February 10, 2020 - 4:59pm

Radio is so obviously the best bit of BBC output, and could easily shoulder the Reithian mission at a fraction of the cost.

BBC TV is rubbish, says my Moral Maze colleague Tim Stanley in the Telegraph today. In contrast listening figures out last week showed that BBC radio output continues to thrive, with Radio 4 and 5 live growing audiences. 

So why not dump BBC TV and the website, I muse to myself? Radio is so obviously the best bit of BBC output, and could easily shoulder the Reithian mission at a fraction of the cost.

“Oh no”, said my wife over breakfast, “you have to keep Attenborough”. Yes of course, I said: “And Peaky Blinders”. Oh agreed, I said. And, on behalf of the children, she put in an unanswerable case for CBeebies — the BBC delivering what has to be easily the best children’s television in the world. Hey Duggee is a work of genius. Yes, yes, I keep on retreating. OK, apart from Attenborough, and Peaky Blinders, and Hey Duggee … I am beginning to feel like John Cleese here … let’s cut the lot of it apart from the radio.

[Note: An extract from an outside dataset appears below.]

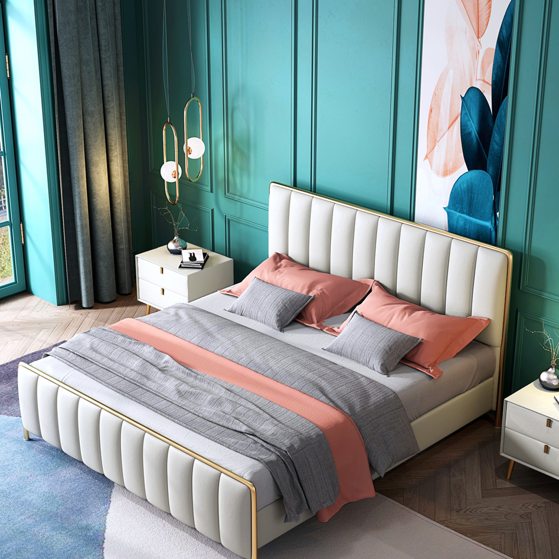 看这里如何打造一个现代轻奢风的卧室? 拥有一张好床非常重要,轻奢感足足的真皮美式床,加上镀金的边框是不是很有高品质轻奢感,加上卧室的墙面可以根据自己的喜欢来选,个性的金属色吊灯让卧室更显高端,也许这就...展开

“And, of course, you have to keep the news”, she insists. “We couldn’t do without BBC news”. I feel on stronger ground here. Sky does a good job, I suggest, and isn’t it all terribly woke now on the BBC? “But you never watch Sky” she replies. And it’s true. I can feel myself losing every point. BBC News reaches nearly 400 million people a week, worldwide. By the end of the porridge, I have lost the argument. And glad to have lost.

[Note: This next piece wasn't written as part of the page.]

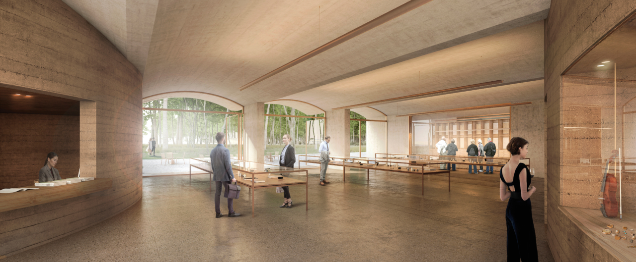 Zichtbare tongewelfde plafonds kenmerken het interieur. Ze organiseren de binnenruimtes en brengen de gebogen designtaal van het gebouw over naar het interieur.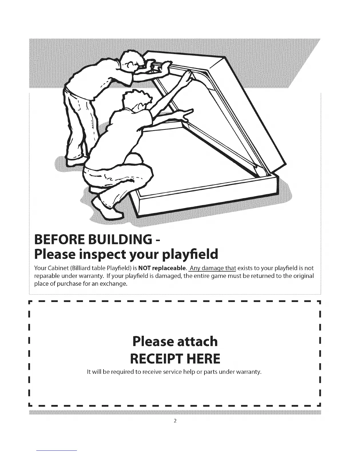 reparable under warranty. If your playfield is damaged, the entire game must be returned to the original

After all, the BBC and the Church of England have a great deal in common. They are both nationalised industries; indeed, I would say, both national treasures. Both with a moral mission. Both custodians of culture. Both, apparently, in need of reform. Both obsessed with attracting young people.

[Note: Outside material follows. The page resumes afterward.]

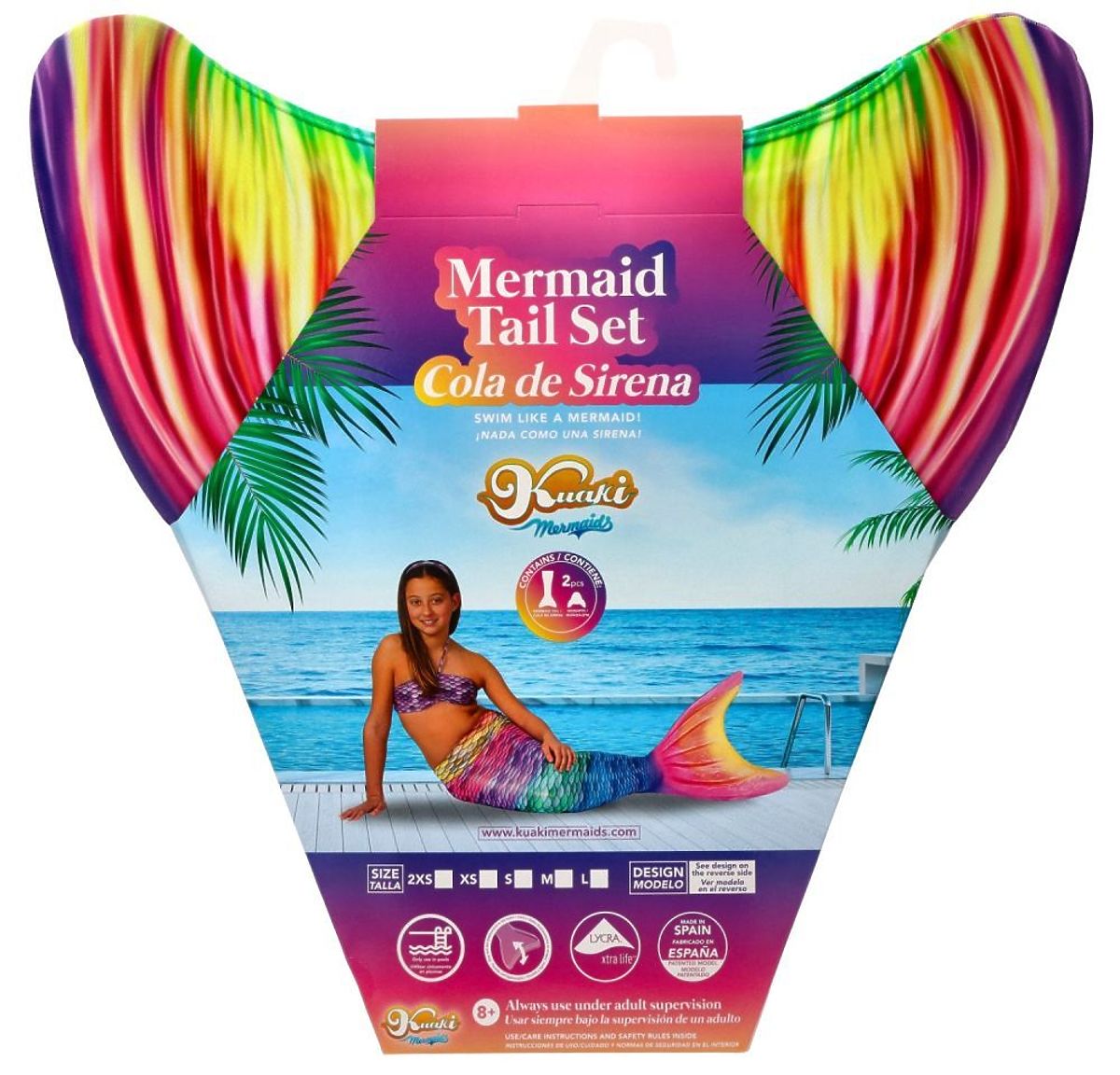 Coada de mare este fabricată în Spania din Lycra Xtra Life de înaltă calitate, ceea ce garantează o aderență optimă și confort în utilizare. Designul care include solzi de pește, culori strălucitoare și efect 3D oferă produsului un aspect realist. Disponibilă în multe culori, modele și dimensiuni pentru toate vârstele.

My own view is that when the Church starts chasing a younger audience simply as an end in itself it ends up losing sight of its core mission — and that the same is probably true for the BBC. No, concentrate unashamedly on the edification proposed by your founding fathers. Don’t be embarrassed by a commitment to higher culture. And stick to what you do best.

In the foyer of Old Broadcasting House building there is a Latin inscription. In English it reads:

“This Temple of the Arts and Muses is dedicated to Almighty God by the first governors of Broadcasting House in the year 1931, Sir John Reith being director-general. It is their prayer that good seed sown may bring forth a good harvest, that all things hostile to peace or purity may be banished from this house, and that the people, inclining their ear to whatsoever things are beautiful and honest and of good report, may tread the path of wisdom and uprightness.”

The reference here is to St Paul’s letter to the Philippians:

“Finally, brethren, whatsoever things are true, whatsoever things are honest, whatsoever things are just, whatsoever things are pure, whatsoever things are lovely, whatsoever things are of good report; if there be any virtue, and if there be any praise, think on these things.”

Not bad advice for the next director-general.


Giles Fraser is a journalist, broadcaster and Vicar of St Anne’s, Kew.